Près du quart des entreprises rencontrées se mobilisent pour garder en emploi leurs salariés handicapés, malgré l’avis d’inaptitude. Cette mobilisation peut être due aux causes du handicap, notamment dans le cas où le handicap est lié à un accident du travail. Egalement, la taille de l’entreprise peut favoriser le maintien dans l’emploi du salarié handicapé.

Dans le cas où le handicap d’une personne est lié à son emploi (accident du travail, maladie professionnelle), les entreprises sont dans l’obligation légale de reclasser le salarié handicapé44. Dans le cas où un handicap n’est pas dû à des raisons professionnelles, d’autres facteurs tels que la taille de l’entreprise et son implication en faveur de l’emploi des personnes handicapées peuvent inciter une entreprise à étudier l’ensemble des possibilités de reclassement d’un individu avant de conclure à son licenciement. En effet, dans de grandes entreprises, il semble relativement facile de reclasser un salarié devenu inapte à son poste au vu des nombreux types de postes différents, à condition que ceux-ci soient disponibles et cohérents avec les nouvelles aptitudes du salarié.

« Avec tous les postes qu’on a chez nous, ce serait un échec d’en arriver là. » Entreprise

19, Chef de Projet Emploi-Handicap

Mais toutes les entreprises ne se donnent pas les moyens de reclasser leurs salariés devenus handicapés lorsque l’exercice de la profession n’est pas responsable du handicap et licencient la personne concernée. Cette solution est légalement possible mais doit, normalement, être particulièrement motivée. Le licenciement d’une personne devenue handicapée n’est en effet possible qu’à la condition qu’un aménagement de poste soit impossible, ou qu’une inaptitude totale empêchant son reclassement au sein de l’entreprise ait été reconnue.

Une personne nous a rapporté avoir été licenciée après être devenue handicapée suite à une opération chirurgicale. Elle considère que ses relations avec son employeur étaient jusqu’alors très cordiales, mais ce dernier a refusé un aménagement de poste et l’a licenciée lorsqu’il a appris qu’elle percevrait une rente.

« Mon employeur parisien m’avait laissé entendre que je pourrais travailler, pas dans les mêmes conditions bien sûr, mais par ordinateur.

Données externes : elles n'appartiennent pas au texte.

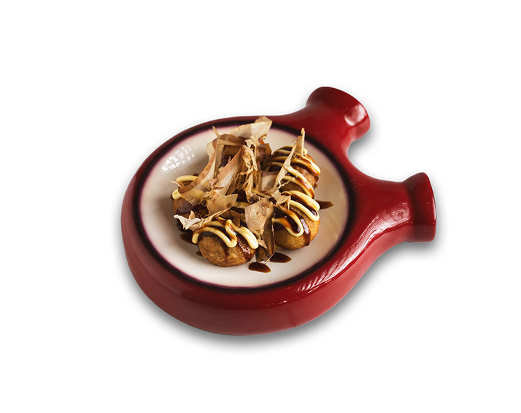 Four traditional Japanese octopus-filled balls, topped with Japanese mayonnaise, tonkatsu sauce, chive and katsuobushi.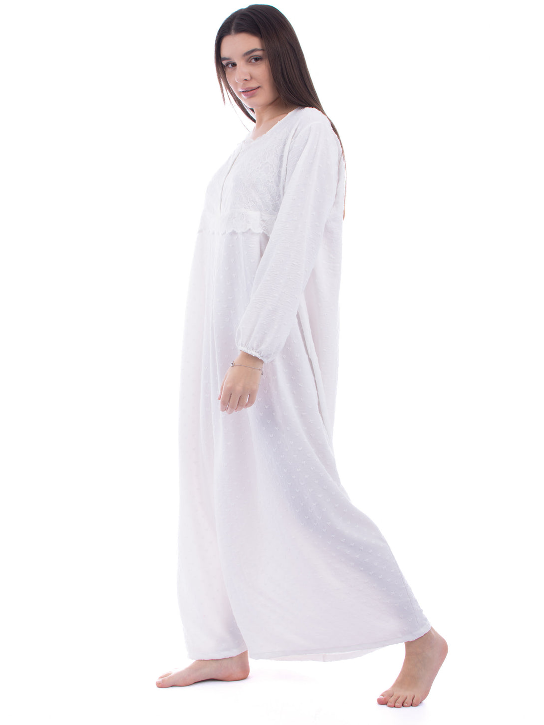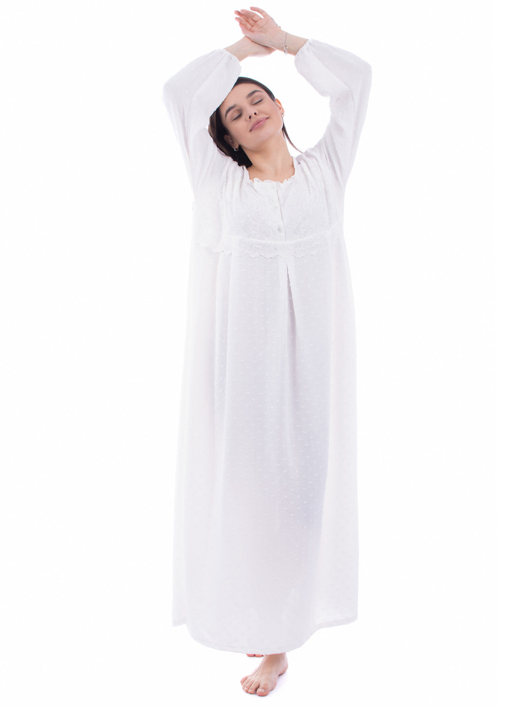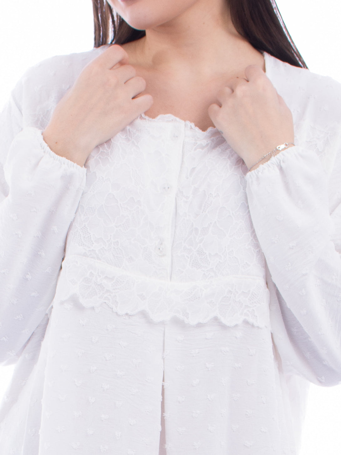 Super Soft Dress with Lace Details and transparent Button with lace details Front Opening for Easy Nursing with elastic on waist wrists.

Puis, lorsque je suis rentré chez moi en janvier 1994, il n’en a plus été question. […] Bien sûr, sur le plan financier, je n’ai rien perdu puisque j’avais une assurance individuelle contre les accidents. Alors mon patron direct m’a dit “Tu n’as pas à te plaindre, il y en a qui n’ont rien”. » PH 12

Il ne nous a malheureusement pas été possible de rencontrer cet employeur afin de connaître les raisons de ce licenciement. Une hypothèse avancée par le salarié est que son employeur ait craint qu’il soit moins productif à cause de son handicap.

Lorsqu’un reclassement est rendu impossible, notamment en raison d’une absence de poste compatible avec le handicap de la personne, plus du quart des grandes entreprises rencontrées accompagnent leurs salariés dans leur recherche professionnelle ou les orientent vers les structures compétentes telles que les Cap Emploi.

« Quelqu’un effectivement qui serait non reclassable ou dans l’incapacité même tant médicale ou au niveau des compétences, ne pourrait donc pas être maintenue dans l’emploi, bien sur notre rôle au niveau de la mission handicap, c’est d’accompagner vers les organismes extérieurs qui vont prendre le relais à l’issue de la sortie du salarié de l’entreprise. Donc on veille bien à tous ces mouvements là. On a un rôle de conseils. »

Toutes les entreprises rencontrées ne considèrent pas l’emploi direct comme la solution la plus aisée à mettre en œuvre pour répondre à l’obligation d’emploi des travailleurs handicapés.

Afin de limiter le montant de la contribution volontaire, les entreprises développent donc les autres modalités de réponse à l’obligation d’emploi, notamment le recours à la sous-traitance.